Does my mirror not work? Nope, I just have vitiligo.

By: Jasmine Biju


 

Honestly, I can’t recall a period of more than 4 months where the person I looked at in the mirror appeared the same. From my youth to my teenage years, I have had to grapple with the ambiguous state of my identity, both internally and physically. The phrase “new year, new me” quite literally applied to me. Every picture day, I looked unrecognizably different. The same challenge always lingered around: being comfortable in a never stagnant, always changing self.


Well, to be honest, I quite haven’t gotten to that point of unwavering comfort in myself. After all, we keep it real in this community and definitely do not downplay the very valid feelings that individuals blessed with vitiligo go through.
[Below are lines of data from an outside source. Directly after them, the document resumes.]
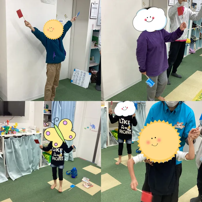 「赤あげて!」「青下げて!」といった指示に合わせて旗を動かすゲームです。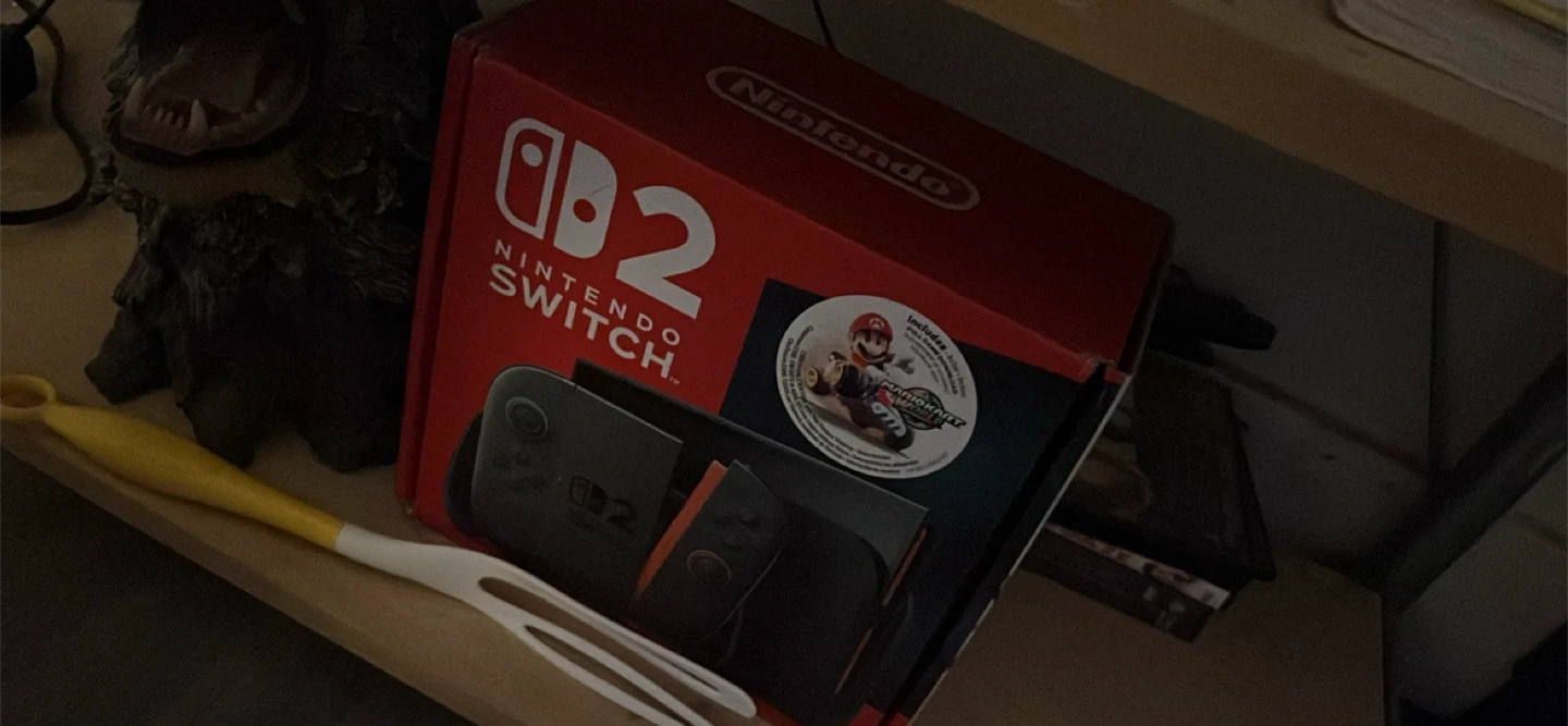 This is a Nintendo Switch 2 gaming console. It comes with the console and accessories. Includes original box and a carrying case. Great for on-the-go gaming!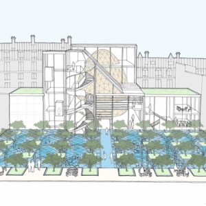 在审查小组评选后,英国建筑师戴维·奇普菲尔德为该场地设计的方案中选。 坂茂设计的重塑巴黎方案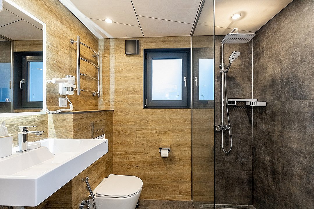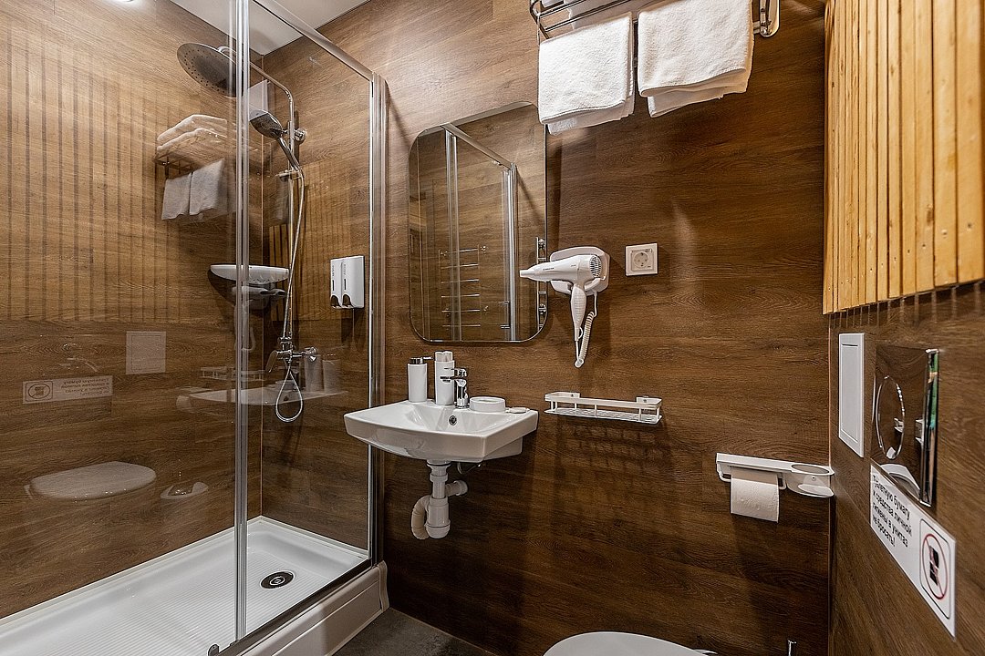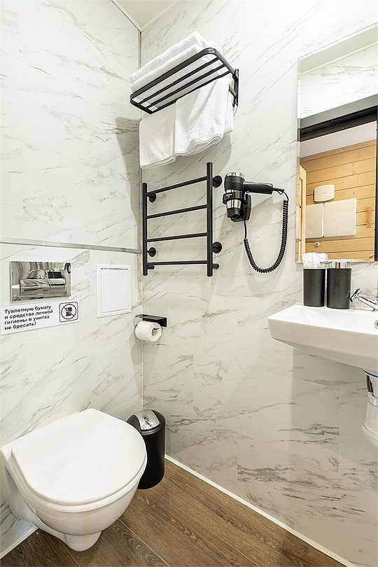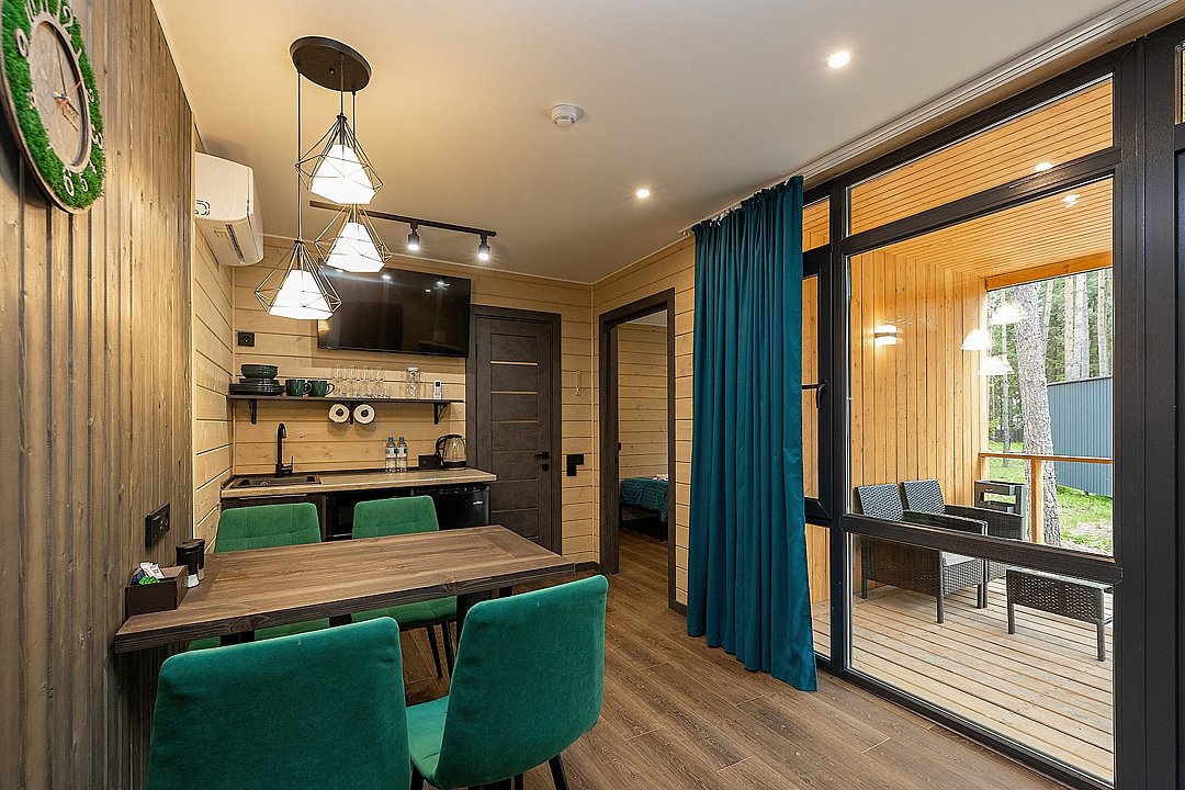 Wi-Fi, кондиционер, фен, микроволновая печь, душевая кабина, санузел, терраса, двуспальная кровать, две односпальные кровати, стулья, шкаф для одежды, вешалки, обеденный стол, набор посуды, сейф, чайник, раковина, питьевая вода, душ, кухонная посуда, стаканы, столовые приборы, стул, стол, туалетные средства, панорамные окна, мини-холодильник, мини-кухня, телевизор со Smart TV, теплые полы, вид на лес, бутилированная вода, мылоВ доме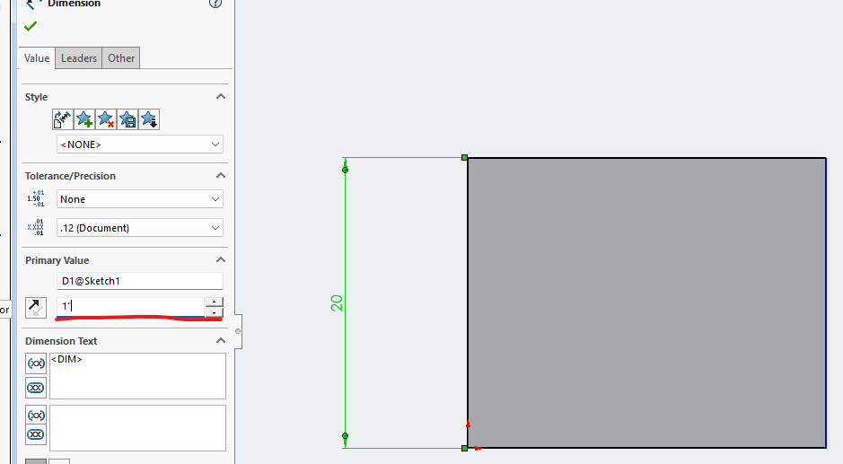 Note that once you click “OK”, the dimension will get the value of 1.

I say “blessed” because I have realized that vitiligo has given me a chance to truly get to know who I am. I am in tenth grade, and this is the age where the plague of identity crisis is highly contractible. Well, I won’t say that I have immunity to that. But, I know as a fact that I am a confident human being with love for the quirks that I have. While social media has denoted the ways to attain “true beauty,” I am happy with who I am. I do not need to take measures to reach a so-called “beauty” standard, because I already met that standard the day I was born.


My ongoing vitiligo journey has been unpredictable. I started as a timid girl who found shame in my differences and withdrew from multiple activities, friendships, and opportunities at the thought that I did not fit in. But in the beautiful stream of life, I arrived at a point where I was able to live life through the eyes of a person who fell in love with every one of their blemishes and imperfections. This newfound appreciation of myself was so strong that after most of my facial vitiligo disappeared months later, I was saddened that I lost what I considered to be an integral facet of who I was. Fast forward to now, I am a tenacious first generation Indian-American young woman marked with vitiligo who is eager to paint a legacy of vitiligo's non-textbook definition of beauty.


There are so many individuals like me who are embarking on this ridiculously challenging, but worthwhile journey of creating an identity. Vitiligo is a gift in disguise, a test of our personal strength, and honestly a great background story for when each one of us becomes an incredible globally-renowned change-maker. So, let's connect, share our stories, and show the world that vitiligo is not just “a condition in which the pigment is lost from areas of the skin, causing whitish patches,” but for some of us, the defining trait of our very existence.